Polars Essentials
This comprehensive course is designed for data professionals and enthusiasts looking to master the Polars library, a high-performance data manipulation and analysis tool in Python. Polars Essentials is structured into two, two-hour segments, each covering critical aspects of working with data in Polars.
Prerequisites
Participants should have intermediate-level Python programming skills and prior experience using standard Python tools for data analysis (notably NumPy, Pandas, Scikit-Learn, Jupyter).
Learning Objectives
Data Structures and Creation
- Understand the core data structures in Polars: Learn the characteristics and uses of DataFrames and Series, the primary data structures in Polars, for efficient columnar data manipulation.
- Create Polars DataFrames: Master various methods to instantiate DataFrames using Python data structures and by loading data from different file formats such as CSV, JSON, Parquet, as well as streaming data sources.
Data Manipulation and High-Performance Analysis
- Manipulate data using Polars: Develop the ability to perform essential DataFrame operations, including filtering, aggregation, sorting, and groupby, to manipulate and analyze data effectively.
- Handle different data types and missing data: Gain proficiency in managing various data types (Numerical, String, Categorical, List, Struct, and Object) and learn strategies for addressing missing data (nan vs. null).
- Optimize data analysis with advanced features: Learn how to use Polars’ high-performance features, such as lazy evaluation, multithreading, and streaming data processing, to enhance analysis efficiency.
- Apply statistical and window functions: Acquire the skills to perform advanced data analysis using Polars’ built-in statistical and window functions for insightful data exploration.

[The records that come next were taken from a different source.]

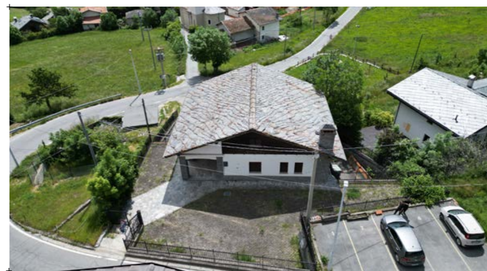
4// l'edificio fotografato dal sud 5// il lato nord-ovest della scuola
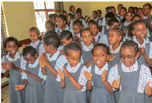
Mit großer Freude nehmen die Jungen und Mädchen am Musikunterricht teil.

Mangelernährung, Infektionskrankheiten und unzureichende medizinische Versorgung sind die häufigsten Gründe, warum Kinder mit Behinderungen geboren
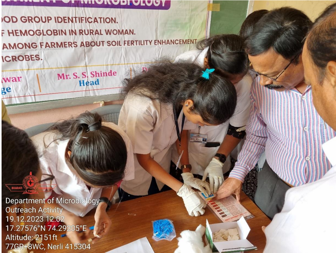
Department of Microbiology Outreach Activity 19.12.2023 12:02 17.27576°N 74.29205°E Altitude: 2151ft 77GR+8WC, Nerli 415304
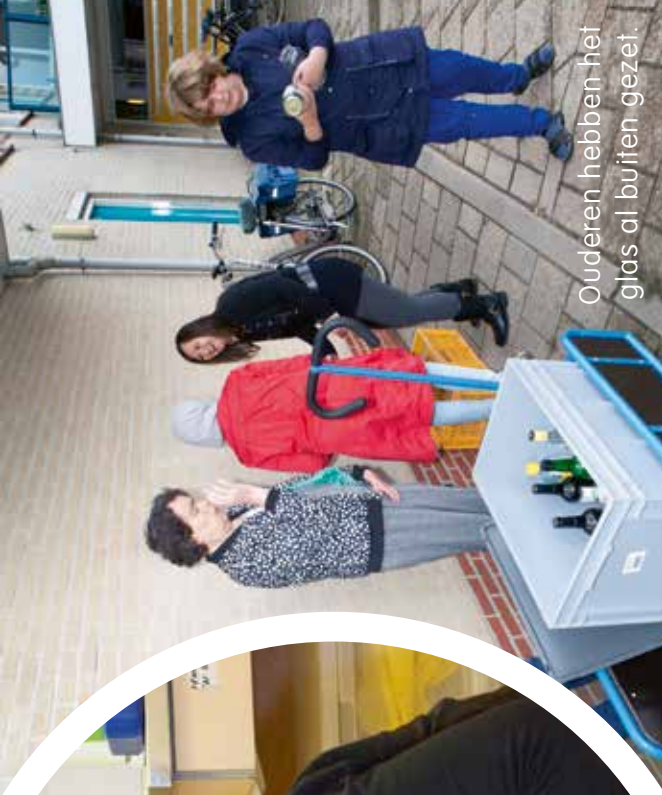
Ouderen hebben het glas al buiten gezet.
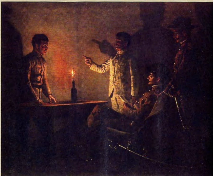
«Допрос перебежчика», 1901 г.

Американцы тоже приняли участие в схватке. Два человека из штаба Агинальдо были ранены, но скрылись, а казначей революционного правительства сдался. Остальные филиппинские офицеры бежали. Агинальдо с покорностью принял плен, сильно опасаясь, однако, мести макабебов. Но генерал Фанстон заверил его, что он может чувствовать себя в безопасности. Это успокоило Агинальдо, и он согласился разговаривать. Он был чрезвычайно удручен тем, что попал в плен, и заявил, что ни при каких других обстоятельствах его не взяли бы живым. Эти слова придают еще больше значения подвигу Фанстона: борьба с Агинальдо была
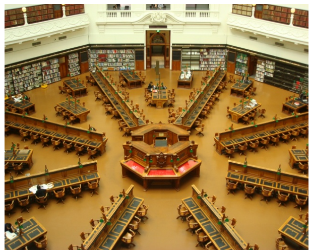
維多利亞州立圖書館
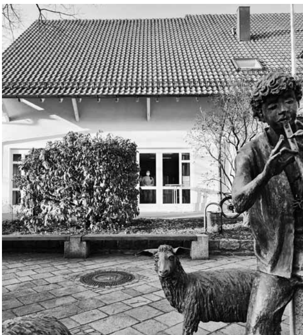
Gratis-Corona-Schnelltest-Station Lindenstraße 4

Das Ergebnis erhalten Sie nach ca. 15 Minuten. Sollte dieses negativ sein, heißt dies, dass Sie am Tag des Tests mit hoher Wahrscheinlichkeit nicht ansteckend sind und Sie somit die Gemeinschaft vor einer möglichen Infektion schützen.
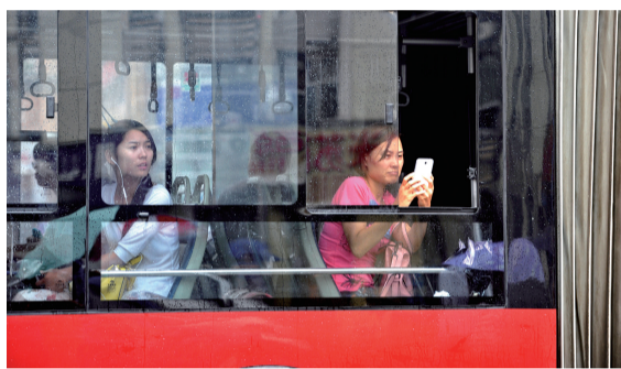
快速公交上的乘客用手机拍摄积水。
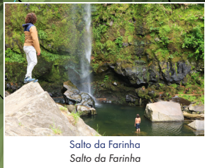
Salto da Farinha Salto da Farinha
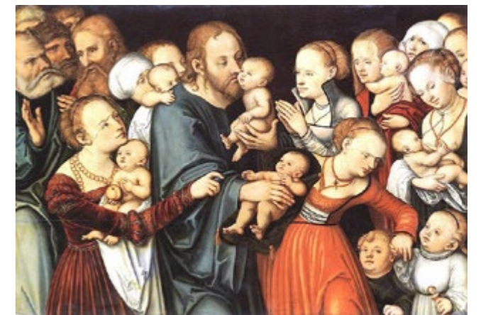
Lucas Cranach il vecchio - 1535

Laura e Giulia (catechiste dell'Iniziazione Cristiana)
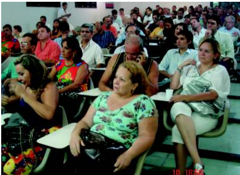
Categoria comparece em massa à Assembléia que elegeu a Comissão Eleitoral que vai conduzir o processo
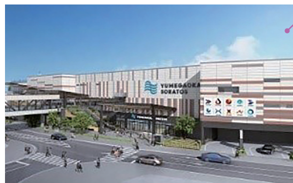
ゆめが丘ソラトス(完成予想パース図)

大規模商業施設「ゆめが丘ソラトス」の開業を契機としたイベントなどの開催や、泉区内を周遊し地域の魅力を体感できるようなスタンプラリーなどを実施します。
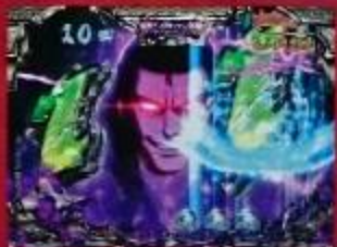
リーチが掛かるとチャンス!
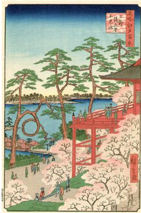
ภาพที่ 13 The Kiyomizu Temple and Shinobazu Pond at Ueno
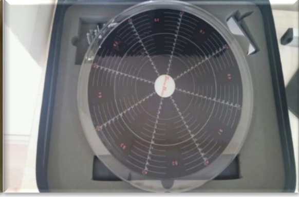
Resim-7. Denge Ölçüm Cihazı
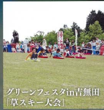
グリーンフェスタin吉無田「草スキー大会」

熊本県下でも三大精霊流しに数えられる御船町の精霊流し。御船川で行われ数百の供養万灯が川面を彩り精霊船が流されます。
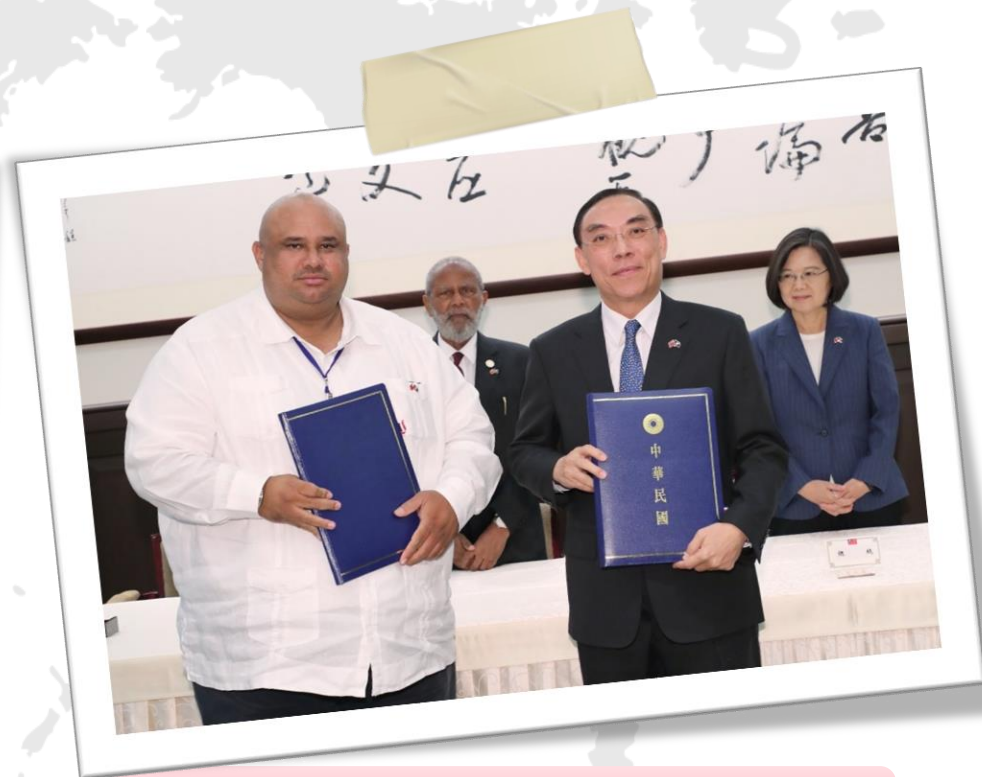
法務部長簽署廉政合作協定

- Debug and profile Polars queries: Understand the tools and techniques for debugging and profiling Polars queries to optimize performance and troubleshoot issues.
Time Series Analysis
- Work with datetime operations in Polars: Become proficient in handling datetime data, including creation, parsing, and performing operations like comparisons and extractions, within Polars.
- Conduct advanced time series analysis: Learn how to apply time series-specific operations such as resampling, rolling-window calculations, and cross-time-zone comparisons to analyze temporal data effectively.

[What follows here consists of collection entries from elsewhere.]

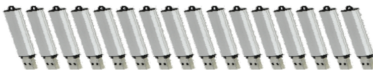
Archivage non durable: un téraoctet sous la forme de 16 clés USB (64 Go)

Cinq archives membres, à savoir les Archives d'Etat de AG, AR, BS et UR et les Archives de la Ville de Lucerne, souhaitent pouvoir bénéficier rapidement d'une solution commune d'enregistrement. Après s'être mis d'accord sur différentes questions encore ouvertes, ces Archives ont décidé de lancer rapidement un appel d'offres afin que ladite solution puisse être mise en service avant la fin de l'année.
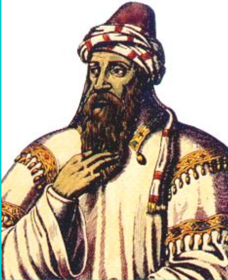
Салах-Дин. Рисунок с арабской миниатюры

Успехи мусульман привели к тому что папа объявил о третьем крестовом походе.
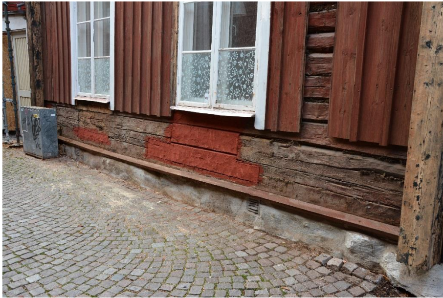
Byggnad på Badhusgatan med traditionella timmerlagningar och röd slamfärg.
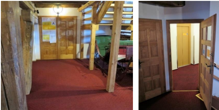
Von links: Wege Innen (Zugang zur Ausstellung A), Zugang zum Fahrstuhl in der 2. Etage auf der Route A
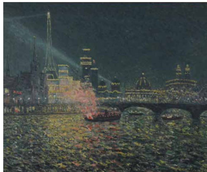
Maxime Maufra (1861-1918) Féerie nocturne , Exposition universelle, Paris, 1900, huile sur toile, 65,5 × 81,3 cm.

À l'aube du XX e siècle, Paris devient la Ville lumière. Le 14 avril 1900, avec l'inauguration de l'Exposition universelle, elle devient la capitale de la civilisation moderne. Le baron Haussmann perce de larges avenues, Gustave Eiffel élève sa tour... une époque rêvée pour les arts et les innovations techniques.
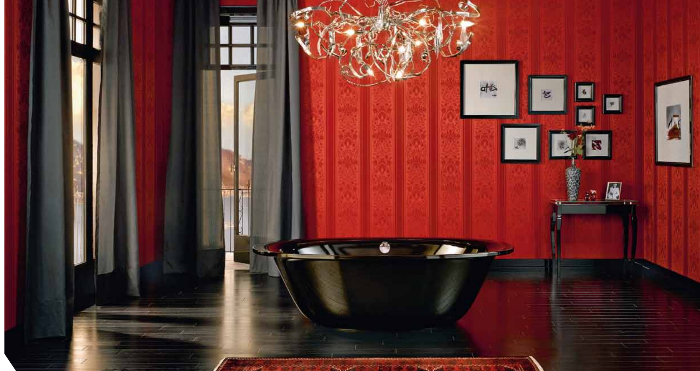
Schwarz liegt im Trend, auch als Farbe im Badezimmer. Das in diesem extravaganten Ton erhältliche, dank seiner selbsttragenden Verkleidung frei stehende Badewannenmodell „Ellipso Duo Oval“ von Kaldewei verfügt über einen Abperl-Effekt, sodass unschöne Kalkrückstände, Fingerabdrücke und Kratzer keine Chance haben

Das „Wolfsburg der Badewannen“ heißt Ahlen in Westfalen, eine knappe Autostunde vom nächstgelegenen Flughafen Münster-Osnabrück oder vom Ruhrgebiet entfernt. Ahlen hat knapp 60.000 Einwohner, aber eine beachtliche industrielle Tradition im Hintergrund: Mit der Industrialisierung hatten sich hier zahlreiche metallverarbeitende Betriebe angesiedelt und auf die Herstellung emaillierter Geschirre spezialisiert. Ahlen wurde eine Hochburg der

Interoperability and Application
- Integrate Polars with other Python libraries: Understand how to seamlessly use Polars in conjunction with other popular data science libraries such as Pandas, Arrow, Numba, and plotting libraries like Matplotlib, to enhance data analysis workflows.

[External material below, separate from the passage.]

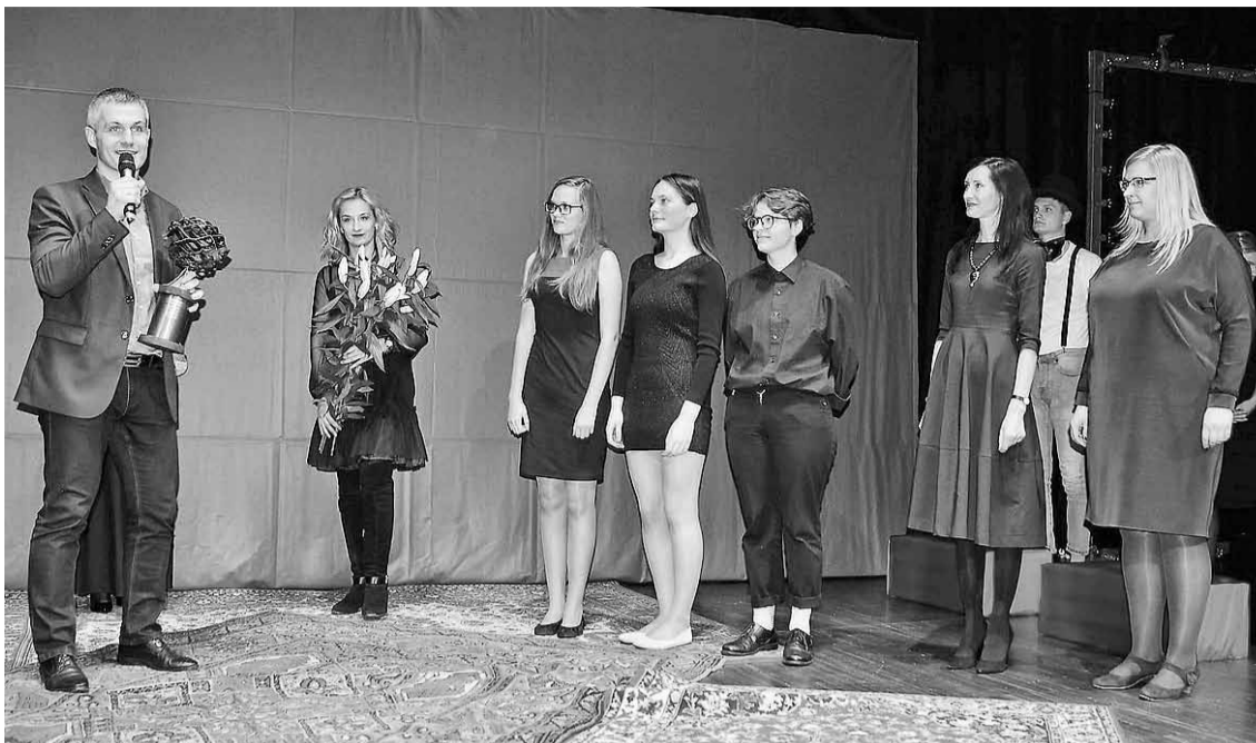
Stafeti – ceļojošo balvu "Pūznis" – Liepājā saņem Madonas novada pārstāvji.

Dienas otrajā pusē, kamēr pedagogi baudīja ekskursiju pa Liepāju, jaunieši devās uz koncertzāli "Lielais dzintars", kur ar devīzi "Dzīve kā košums", norisinājās "Liepāja – Latvijas Jauniešu galvaspilsēta 2017" noslēguma pasākums, kā arī Liepājas brīvprātīgo jauniešu godināšanas ceremonija. Krāsai-

By participating in this course, participants will be well-equipped to harness the power of Polars for a wide range of data analysis and manipulation tasks, making them valuable assets in any data-driven organization or project.
Instructor Bio
Marco Gorelli is a core dev of pandas and Polars and works at Quansight Labs as Senior Software Engineer. He also consults and trains clients professionally on Polars. He has also written the first Polars Plugins Tutorial and has taught Polars Plugins to clients.He has a background in Mathematics and holds an MSc from the University of Oxford, and was one of the prize winners in the M6 Forecasting Competition (2nd place overall Q1).